The Battle of Bud Bagsak, fought from 11 June to 15 June 1913, was a battle-turned massacre which took place in the Moroland of Jolo, southern Philippines. This four-day battle was led by U.S. Brigadier General John “Black Jack” J. Pershing of the 8th Infantry and Philippine Scouts against Moro fighters armed with traditional weapons such as kris, barong, spear and guns they collected from defeated Americans.



Several months before the actual assault of the crater, a band of Moros (about 6,000 to 10,000) of Lati fortified themselves at the top of Mount Bagsak.

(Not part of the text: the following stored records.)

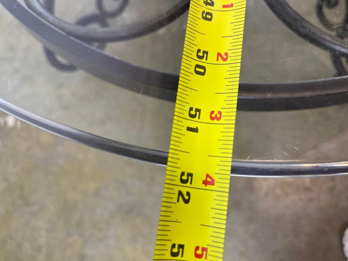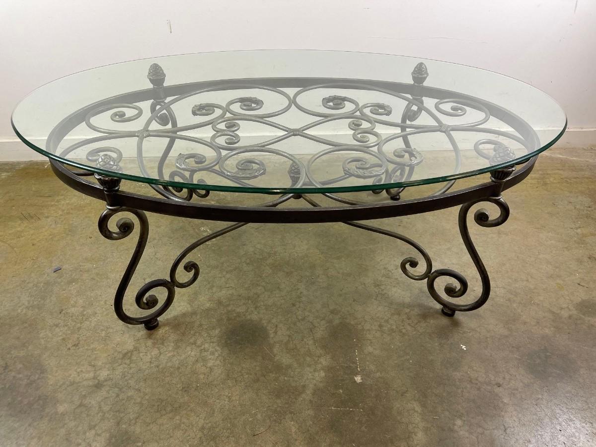 Oval Glass Top Coffee Table with Scrolling Metal Base. Very good condition. Minor scratches to surface glass but no chips or cracks.
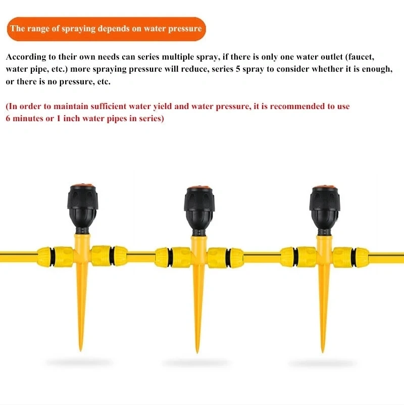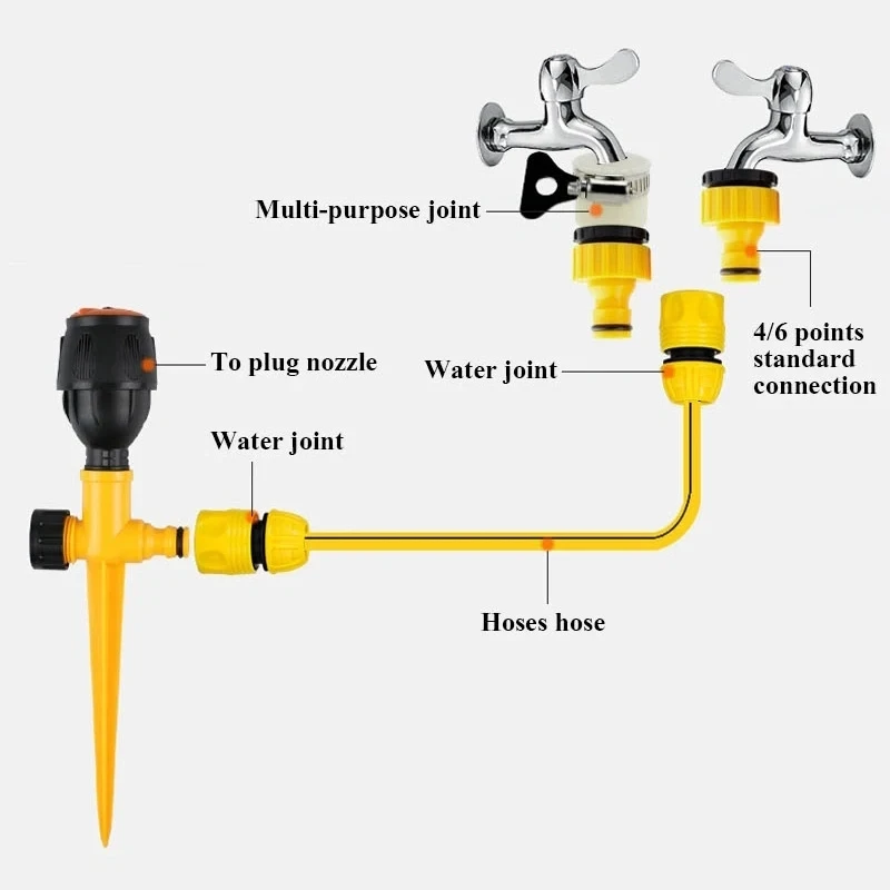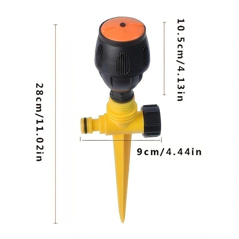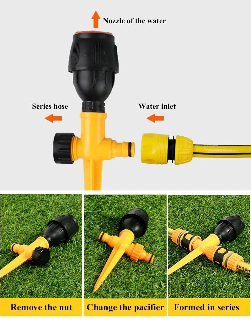 Functionality: Driven by water pressure, the black nozzle head rotates "360 Degree" to distribute water evenly. It can be connected to the end of a hose or used in-line via the side joint to connect multiple sprinklers.
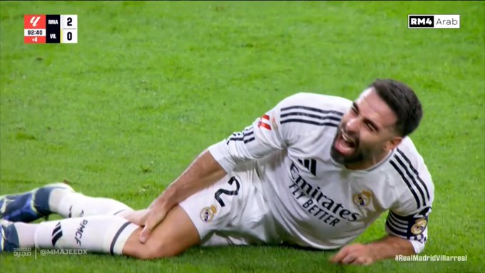 تعرض الإسباني داني كارفخال ظهير فريق ريال مدريد، لـ إصابة قوية في مباراة ريال مدريد وفياريال التي أقيمن بين الفريقين، ضمن منافسات مسابقة الدوري الإسباني لا ليجا.
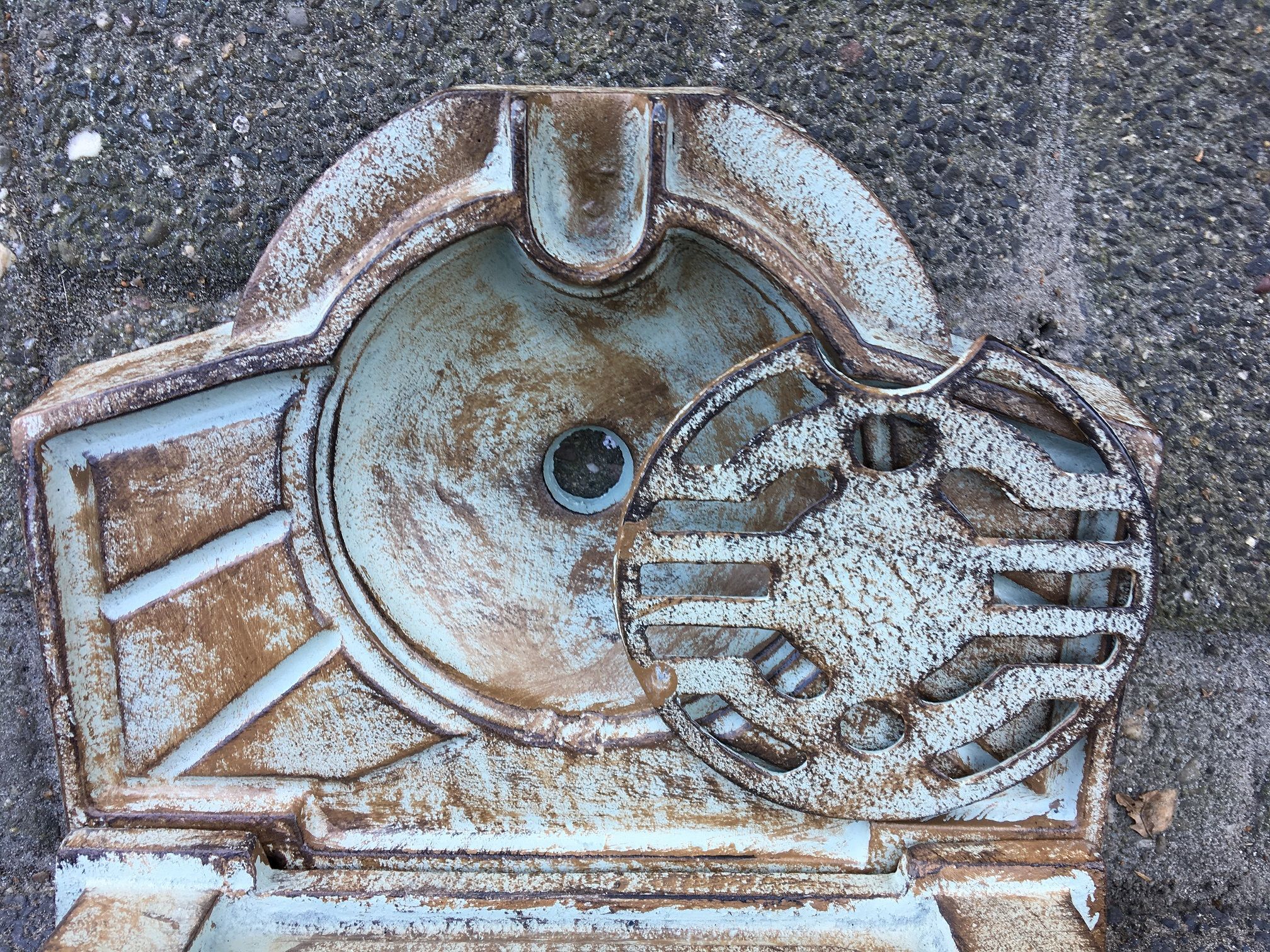 Gartenbrunnen, Gusseisen, grau-grün
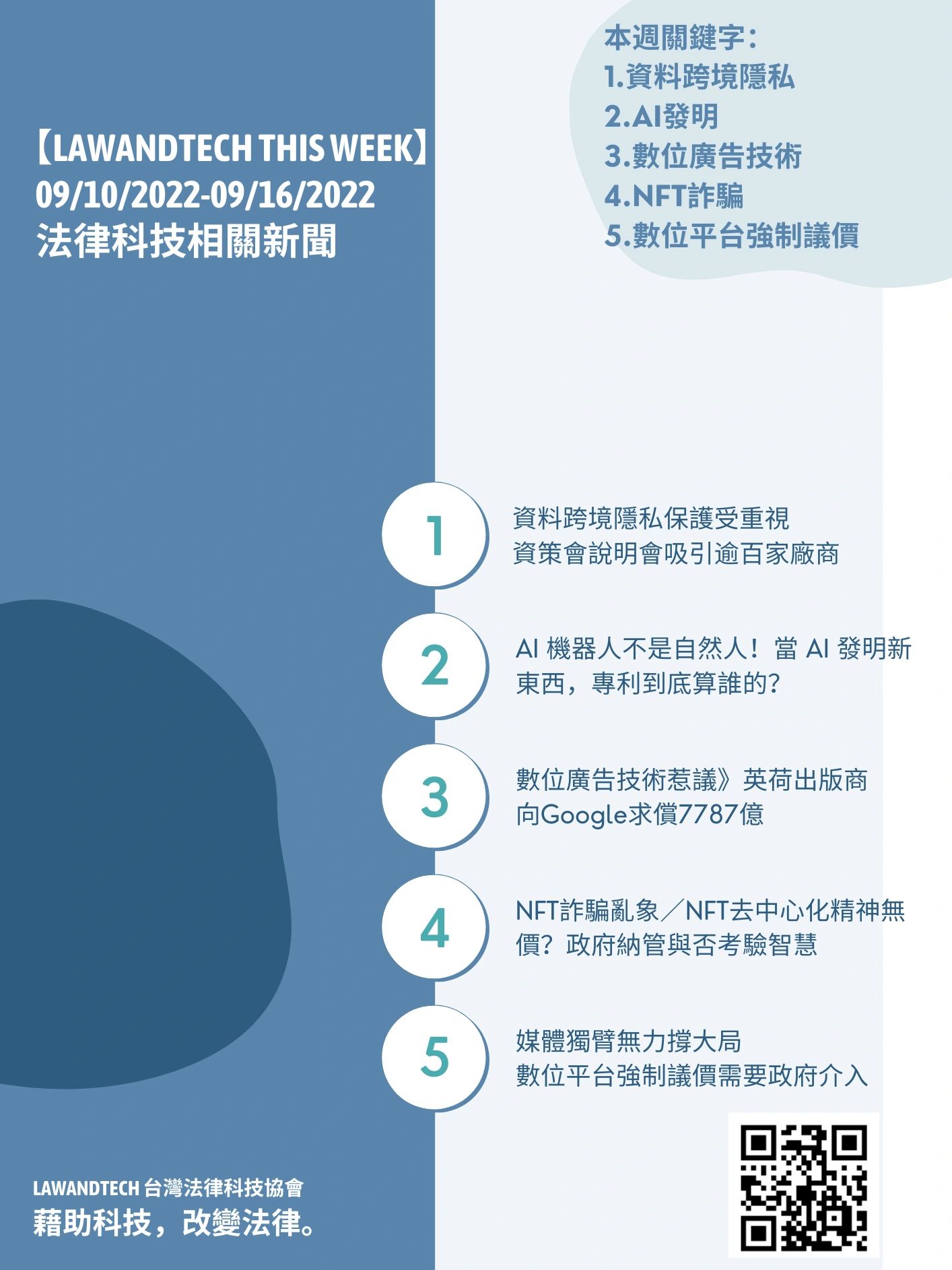 關鍵字:#資料跨境隱私、#AI發明、#數位廣告技術、#NFT詐騙、#數位平台強制議價
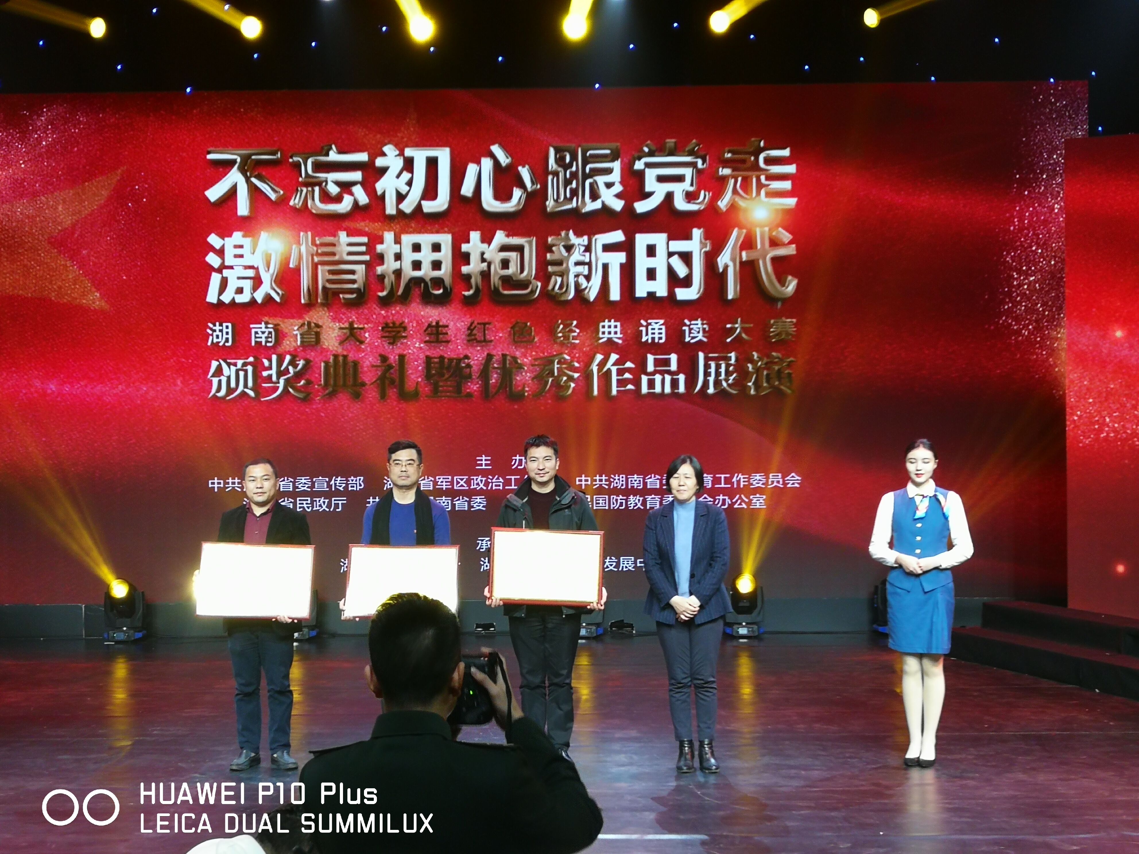 本网讯 由中共湖南省委宣传部、湖南省军区政治工作局、中共湖南省教育工作委员会、湖南省民政厅、共青团湖南省委、湖南省全民国防教育委员会办公室举办的“不忘初心跟党走,激情拥抱新时代”湖南省大学生红色经典诵读大赛颁奖典礼于12月21日在湖南教育电视台举行,世界杯官网分别获得了本次大赛的三个类别的奖项,即:“优秀风采奖”、“网络人气奖”以及“优秀组织奖”。
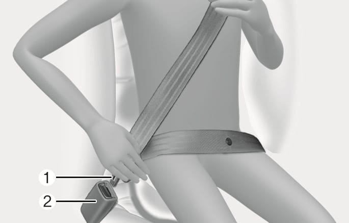 Pull the seat belt out of the retractor and insert the metal tab (1) into the buckle (2). An audible "click" sounds when the tab locks into the buckle. Make sure the seat belt is not twisted.
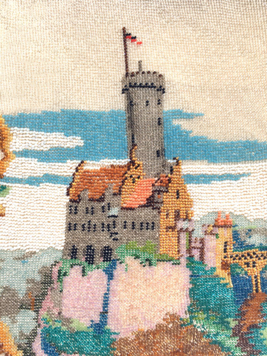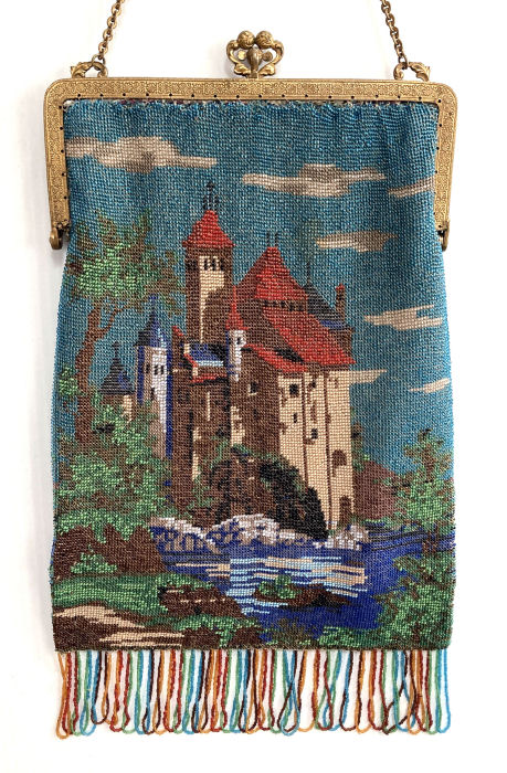 This is a beautiful scenic castle beaded purse featuring a famous castle "Chateau de Chillon" in Switzerland. It is quite stunning with its castle set along a lake with a stone wall set along the water's edge. Red tile roofs top the castle with its turrets reaching into the clouds. Two turrets have a cross on the top, so a chapel or two can be seen along with the castle. Both sides feature the same scene and the purse is finished in a lovely long looping fringe in colors from the purse. The frame is quite unusual in that the clasp is heart-shaped and the three jeweled section is the part that snaps through the heart ... never saw another like this. The frame itself has several tiny jewels (some are missing but so tiny it's hard to notice) and enameled designs. It is very ornate. The interior is newly relined to replace the shattered original but the pockets, mirror and little change purse were retained from the original purse and added to this one so that it is as much original as possible. Overall it is in excellent condition and would make a stunning addition to any collection. Measures approximately 6-3/'4" wide x 12-1/2" long overall. Previously listed at $2,975. (Click on pic for more photos.) |
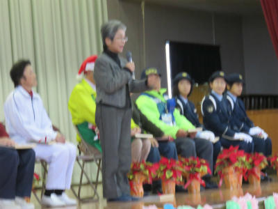 この集会は11月23日(木)「勤労感謝の日」にちなみ、日頃お世話になっている交通指導員さん、スクールガードリーダーの皆さん、おはなし会の皆様、調理員さん、校務員さんに感謝の気持ちを伝えようと実施されたものです。
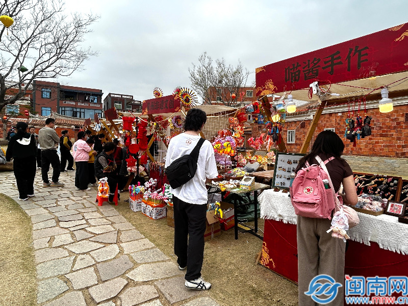 午后时分,记者走进古村落,街巷间满是沉浸式体验的乐趣。非遗手作摊位前围满了游客,蒲扇、头花、花灯等特色手作吸引着大家动手创作,指尖翻飞间,一件件饱含闽南韵味的手作新鲜出炉。
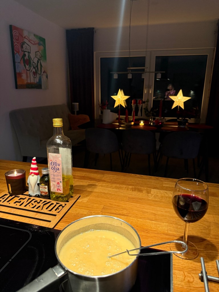Timmarna på kontoret blev fler än tänkt, men det gjorde inte så mycket eftersom det är en hel helg som väntar och även den första advent. Det blev ingen middag ihop här hemma, Viggo var på jobbets julbord och Elias gick till en kompis för att följa kvällens matcher.
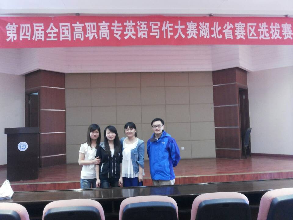 4月27号上午,来自我校的三名学生前往武汉职业技术学院,参加第四届全国高职高专英语写作大赛湖北省赛区选拔赛。次日,英语写作大赛(湖北分赛区)复赛成绩揭晓,我校朱厢炜同学(11级建筑设计)和王香梅同学(12级护理专业)荣获公共英语组三等奖,熊群同学(英语教育专业)荣获英语专业组三等奖。

Since the Spanish period, outlaws, such as remontados and vagamundos, found home in the wilderness, and so until the American period, the government officials and the military were continuously chasing these “bandits.”

The Moros were watching over the military. Whenever the American troops were inactive, they send their children and women in the fields to work and to supply their band with food. They also had their eyes on General John J. Pershing – a simple visit of the General to Jolo already alerted the Moros

The American military led by Gen. Pershing, were faced by problems. First, they do not know how to get the women and children off the mountain before they attack the Moro outlaws in it. Another is the “unstoppable bravery” of the Moros only armed with a number of local blades and overflowing courage. This led to the invention of U.S. Army Colt 0.45 caliber pistol.


Gen. Pershing then had a secret plan – a tactic he kept to himself. On 5 June, a telegram was sent to the commanding officer of Jolo ordering all field operations off and commanding the troops into the barracks. After four days, he made a public announcement that he'll be at Camp Kiethley in Mindanao to visit his family. But the General has something on his mind. Evening of 9 June, he sailed from Zamboanga and when the ship was a distance away from the island, the course was changed to Basilan and to Siasi, where they picked up the 51st and 52nd Scout Companies, respectively.

Silently, their ship sailed for Jolo and harbored on the night of 10 June. Around 5 o'clock in the morning of 11 June, the troop advanced on Mount Bagsak. The Americans had difficulty penetrating the the mountain as the main cotta was formidably defended by stone fortress. Five forts support the main cotta – Pujacabao, Bunga, Matunkup, Languasan and Pujagan. The only way to reach the summit was to do a simultaneous assault of all the smaller defensive forts.

The troop was divided into different directions. They positioned themselves in strategic locations and started the attacks on the forts. Of the five supporting forts, the cotta of Lagusan was captured without difficulty.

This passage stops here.